When ranges collide: evolutionary history, phylogenetic community interactions, global change factors, and range size differentially affect plant productivity
Genung, MA and Schweizer, JA and Senior, J and O'Reilly-Wapstra, JM and Chapman, SK and Langley, JA and Bailey, JK, When ranges collide: evolutionary history, phylogenetic community interactions, global change factors, and range size differentially affect plant productivity, Advances in Ecological Research, Academic Press, G Woodward (ed), London, United Kingdom, pp. 297-350. ISBN 978-0-12-801374-8 (2014) [Research Book Chapter]

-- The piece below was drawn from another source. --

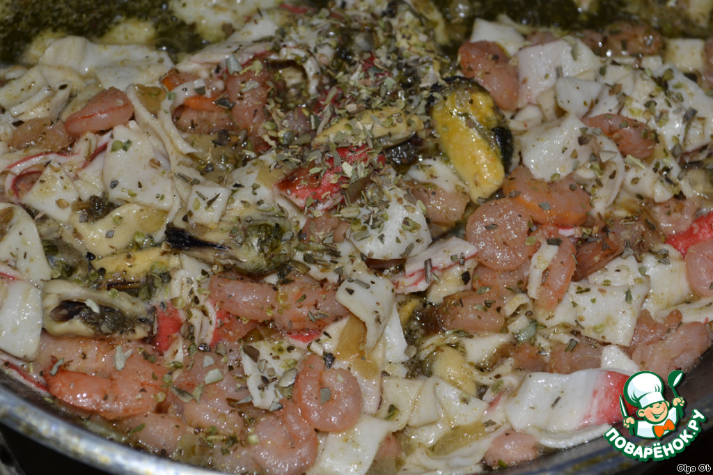 Потом морепродукты (или фарш, или овощи, в общем, основную начинку для тако, которую вы задумали). =)

Humans are extensively changing the global environment, both by altering abiotic conditions through increases in carbon dioxide (CO2) and reactive nitrogen (N), and by driving patterns of extinctions and introductions that shift community composition and affect the biotic environment. Evolutionary history may play an important role in determining plant responses to global change, if evolution has selected for certain traits (biomass, allocation strategies, range size, etc.) that determine plant responses to rising CO2 and N. Additionally, the evolutionary history of interacting plants (i.e. phylogenetic relationships within plant communities) may determine how plants respond to global change, as closely related species might be expected to compete more for limiting resources than distantly related species. Using 26 Australian eucalypt species in two subgenera (Eucalyptus and Symphyomyrtus) of the genus Eucalyptus, we conducted the first experiment, to our knowledge, that simultaneously integrated contemporary range size, phylogenetic identity, phylogenetic similarity, and global change factors (CO2 and N). We showed that plant biomass responded to two three-way interactions: (1) subgenus identity, N fertilization, and phylogenetic similarity and (2) subgenus identity, CO2 enrichment, and N fertilization. Our results indicate that eco-evolutionary dynamics are linked in diverse and non-intuitive ways where evolutionary history (i.e. subgenus-level differences) mediates how plant productivity responds to resource manipulation, and that the nature of this response depends on the phylogenetic composition of plant communities. Overall, these findings have significant implications for how we understand the ecosystem-level consequences of climate change.